In fact, we can bring the augmented matrix $[A|b]$ to a canonical form that, while not as simple as the example above, is incredibly useful for solving the system.
Row Echelon Form
Definition: We say a matrix $A$ is in row echelon form if
- all zero rows are at the bottom of $A$ and
- reading left to right, the first nonzero entry of a row is always strictly to the right first nonzero entry of the row above it.
It helps our communication and understanding to be more precise and to do so we need to introduce some notation. For an matrix $A = (a_{ij})$, let’s write $A_{\bullet s}$ as shorthand for the vector that is the $s$-th row of $A$. So in the example \(A = \begin{pmatrix} 7 & -1 & 0 & 2 \\ 3 & 3 & 3 & -1 \\ -1 & 2 & -4 & 0 \end{pmatrix}\) we have \(\mathbf{R}_1^A = \begin{pmatrix} 7 & -1 & 0 & 2 \end{pmatrix} \\ \mathbf{R}_2^A = \begin{pmatrix} 3 & 3 & 3 & -1 \end{pmatrix} \\ \mathbf{R}_3^A = \begin{pmatrix} -1 & 2 & -4 & 0 \end{pmatrix}.\)
Similarly we introduce the notation $A_{t \bullet}$ for the $t$-th column vector of $A$. Continuing the example we have \(\mathbf{C}^A_{1} = \begin{pmatrix} 7 \\ 3 \\ -1 \end{pmatrix} \ , \ \mathbf{C}^A_{2} = \begin{pmatrix} -1 \\ 3 \\ 2 \end{pmatrix} \\ \mathbf{C}^A_{3} = \begin{pmatrix} 0 \\ 3 \\ 4 \end{pmatrix} \ , \ \mathbf{C}^A_{4} = \begin{pmatrix} 2 \\ -1 \\ 0 \end{pmatrix}\) We will often omit the $A$ superscript if the context is clear.

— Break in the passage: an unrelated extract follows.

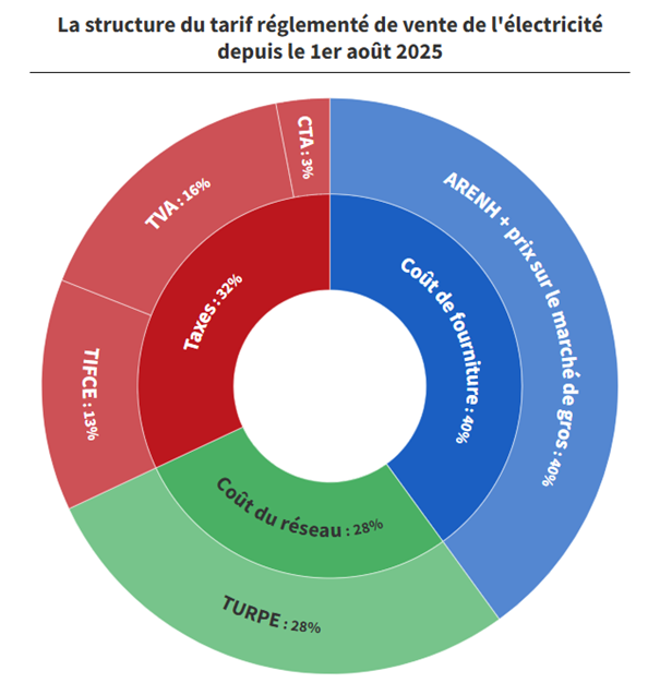 Le coût de la fourniture représente 40% d’une facture d’électricité. Cette quote-part était déterminée par l’AREHN à 42€ et le marché de gros.

We say a vector $\mathbf{v}$ is non-zero if at least one entry is not $0$.
Definition: For a non-zero vector $\mathbf{v}$, the pivot of $\mathbf{v}$ is the first non-zero entry of $\mathbf{v}$.
For example, the pivot of \(\begin{pmatrix} 0 \\ 3 \\ 4 \end{pmatrix}\) is the second entry in list, $3$. For \(\begin{pmatrix} -1 & 2 & -4 & 0 \end{pmatrix}\) the pivot is the first entry in the list, $-1$.

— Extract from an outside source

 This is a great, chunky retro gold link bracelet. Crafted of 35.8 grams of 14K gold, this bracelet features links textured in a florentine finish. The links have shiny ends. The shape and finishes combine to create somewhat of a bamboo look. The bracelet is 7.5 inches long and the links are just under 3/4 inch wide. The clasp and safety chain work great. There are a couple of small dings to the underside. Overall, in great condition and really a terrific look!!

Note that we can only talk about pivots for non-zero vectors.
Given these notions, we can rephrase the definition row echelon form as
Definition: A matrix $A$ is in row echelon form if
- all zero rows are at the bottom of $A$ and
- for all nonzero rows $A_{\bullet s}$ the index of the pivot of $A_{\bullet s}$ is strictly greater that the index of the pivot of $A_{\bullet (s-1)}$. In less words, \(\operatorname{index} (\operatorname{Pivot}(A_{\bullet (s-1)})) \lneq \operatorname{index} (\operatorname{Pivot}(A_{\bullet s}))\)

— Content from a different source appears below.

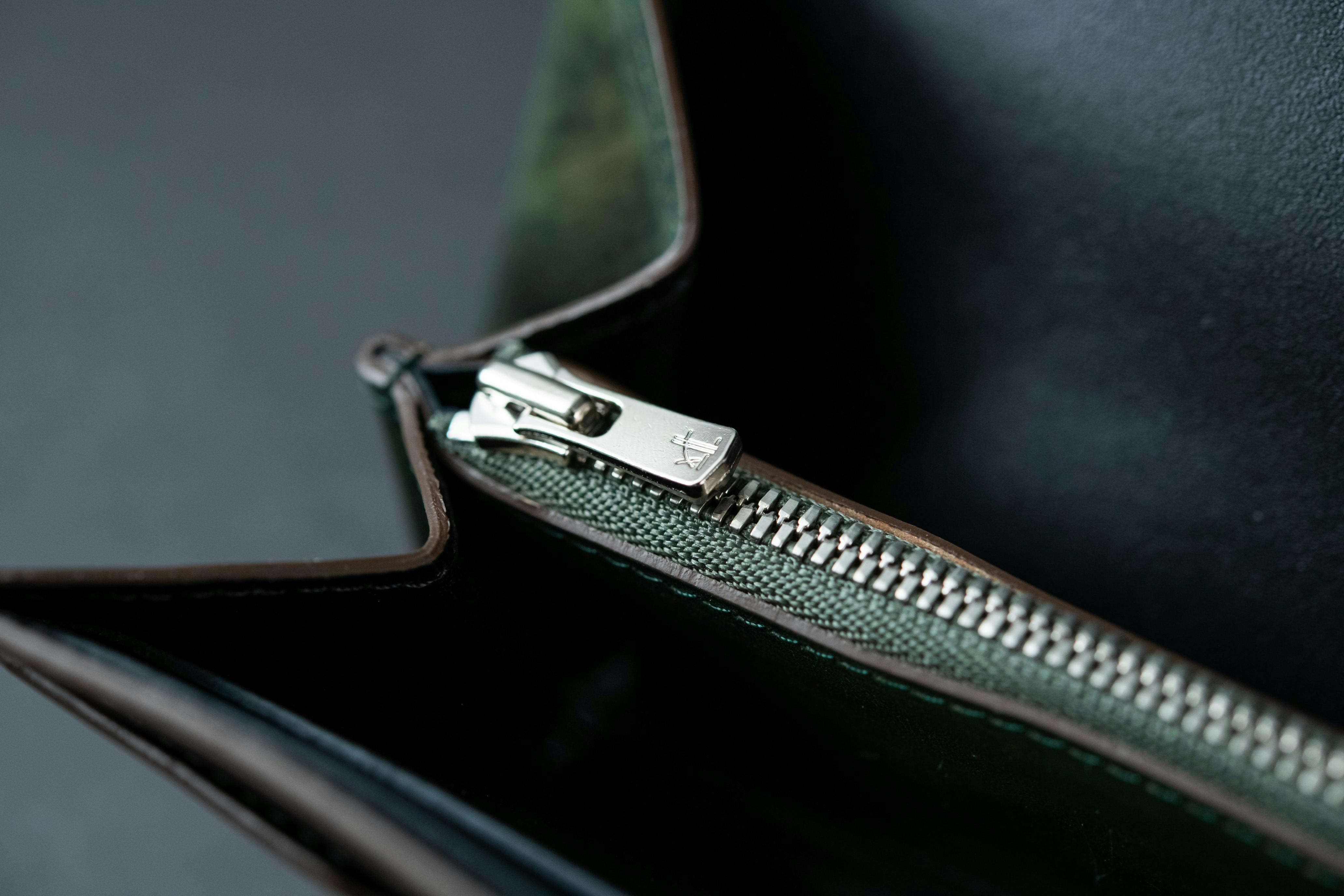 キラキラと輝くシルバーカラーの金属ファスナーは高級感と耐久性を兼ね備えたYKKが生んだファスナーです。

We say an augmented matrix $[A|b]$ is in row echelon form if $A$ is in row echelon form.
For example, \(A = \begin{pmatrix} 7 & -1 & 0 & 2 \\ 3 & 3 & 3 & -1 \\ -1 & 2 & -4 & 0 \end{pmatrix}\) is not in row echelon form since
- all rows are non-zero so none need to be at the bottom but
- the indices of the pivots are all three rows are $1$; they do not strictly decrease as we move down the matrix.
The pivots of the nonzero rows should look like a staircase. Here are two examples of matrices in row echelon form. \(B = \begin{pmatrix} 7 & -1 & 0 & 2 \\ 0 & 3 & 3 & -1 \\ 0 & 0 & -4 & 0 \end{pmatrix}\) and \(B = \begin{pmatrix} 7 & -1 & 2 \\ 0 & 0 & -1 \\ 0 & 0 & 0 \end{pmatrix}\)
There is a more refined form row echelon row.
Reduced row echelon form
Definition: A matrix $A$ is in reduced row echelon form if
- $A$ is row echelon form,
- all the pivots of the rows of $A$ have value $1$, and
- each pivot is the only non-zero entry in its column.
We say an augmented matrix $[A|b]$ is in reduced row echelon form if $A$ is in reduced row echelon form.
All the examples we have seen so far are not in reduced row echelon form, even if they were in row echelon form.
An example in reduced row echelon is \(\begin{pmatrix} 1 & 0 & 5 \\ 0 & 1 & 3 \end{pmatrix}\)
We will introduce operations which will allow us to transform any matrix into reduced row echelon. For an augmented matrix $[A|b]$, the operations will preserve the set of solutions to the associated linear system.